Iranian national, Shahrzad Mir-Qolikhan, who spent five years in US detention from 2007 to 2012, says she experienced awful conditions in American federal prisons.
In the fifth episode of a Press TV documentary titled Memories of a Witness: Inside US Federal Prisons, in which she recounted her ordeal, Mir-Qolikhan, now 36, said the hygienic conditions in the detention centers where she was held were disgusting.
She added that she was held for 18 months in Miamis Federal Detention Center (FDC) one of the US federal prisons in a dirty cell shared with other inmates.
Mir-Qolikhan said every time she was moved to a new detention center she experienced new unbearable conditions.

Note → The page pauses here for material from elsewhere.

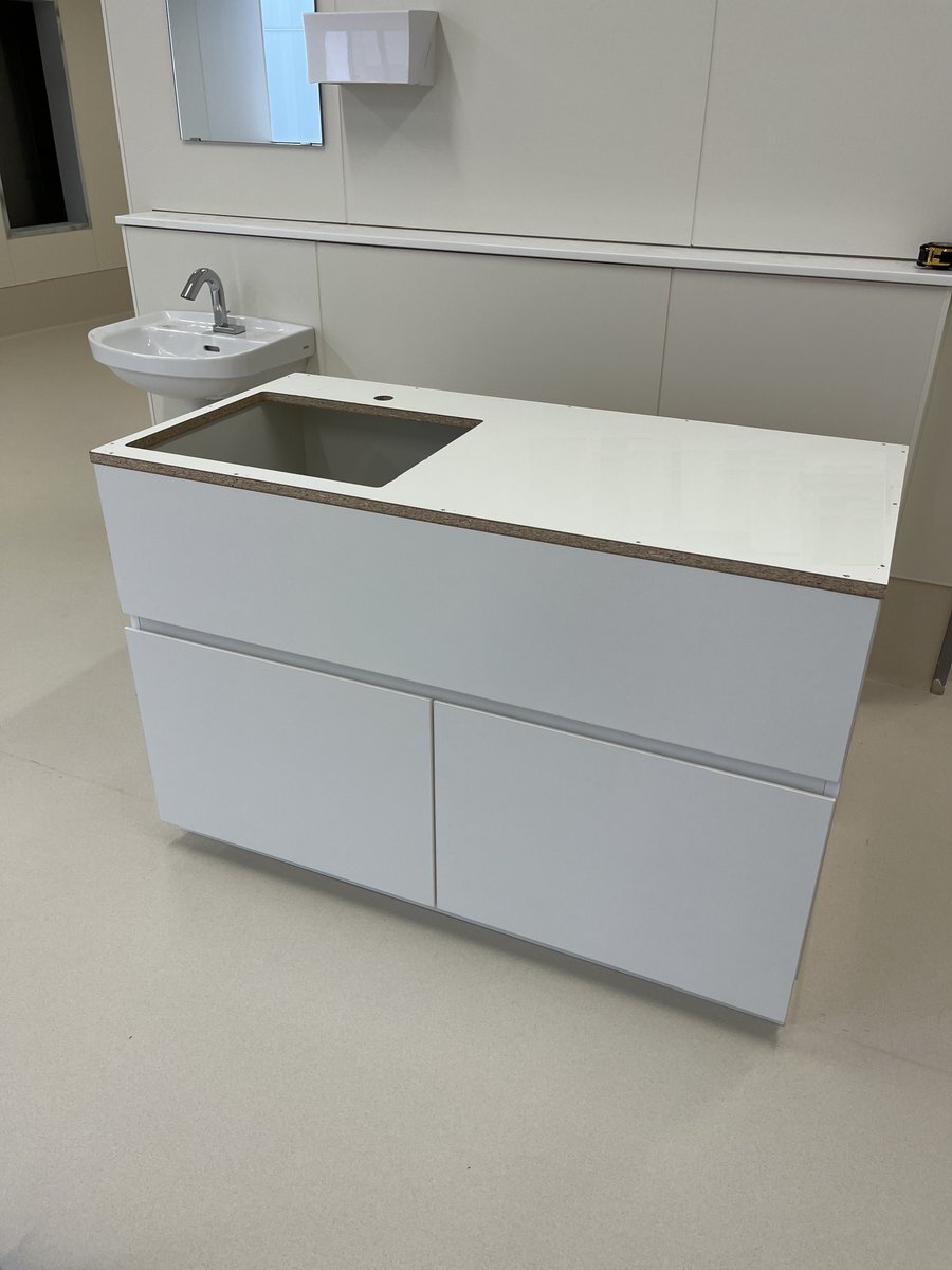 県内の総合病院に流し台を数点納品しました。白を基調とした低圧メラミン仕上げの本体に、SUS製シンクを組み合わせたシンプルな構成です。清潔感があり、病院空間によく馴染む仕上がりです。 #流し台 #ステンレスシンク #SUS #低圧メラミン #病院 #造作家具 #店舗什器 #木工所 #家具屋 #空間創造 pic.x.com/xZ1h343hUf

She recalled a cell the floor of which was covered with dirty toilet water, saying she had to sleep in these unimaginable conditions.
Mir-Qolikhan stated that prisoners were forced to clean the cells once a year or every two years just before official teams came to inspect the prison conditions.
She said the most precious part of her life was wasted in US prisons, noting that her twin girls, who were aged 10 back in 2007, desperately needed their mother.
Mir-Qolikhan was detained in the US on charges of attempting to smuggle night vision goggles to Iran.
Her former husband, Mahmoud Seif, had allegedly tried to export night vision goggles to Iran from Austria. In an earlier episode of the program, Mir-Qolikhan explained that she had accompanied Seif to Austria, where she served as his interpreter in 2004.
According to Mir-Qolikhan, she was arrested in the Austrian capital of Vienna based on a request from the US government and was held in a dreaded detention center in the Austrian capital for 28 days before she was released when the US government failed to provide any evidence of wrongdoing against her.
In the US, she was detained and sentenced to five years in prison by a Florida federal court in the absence of her husband.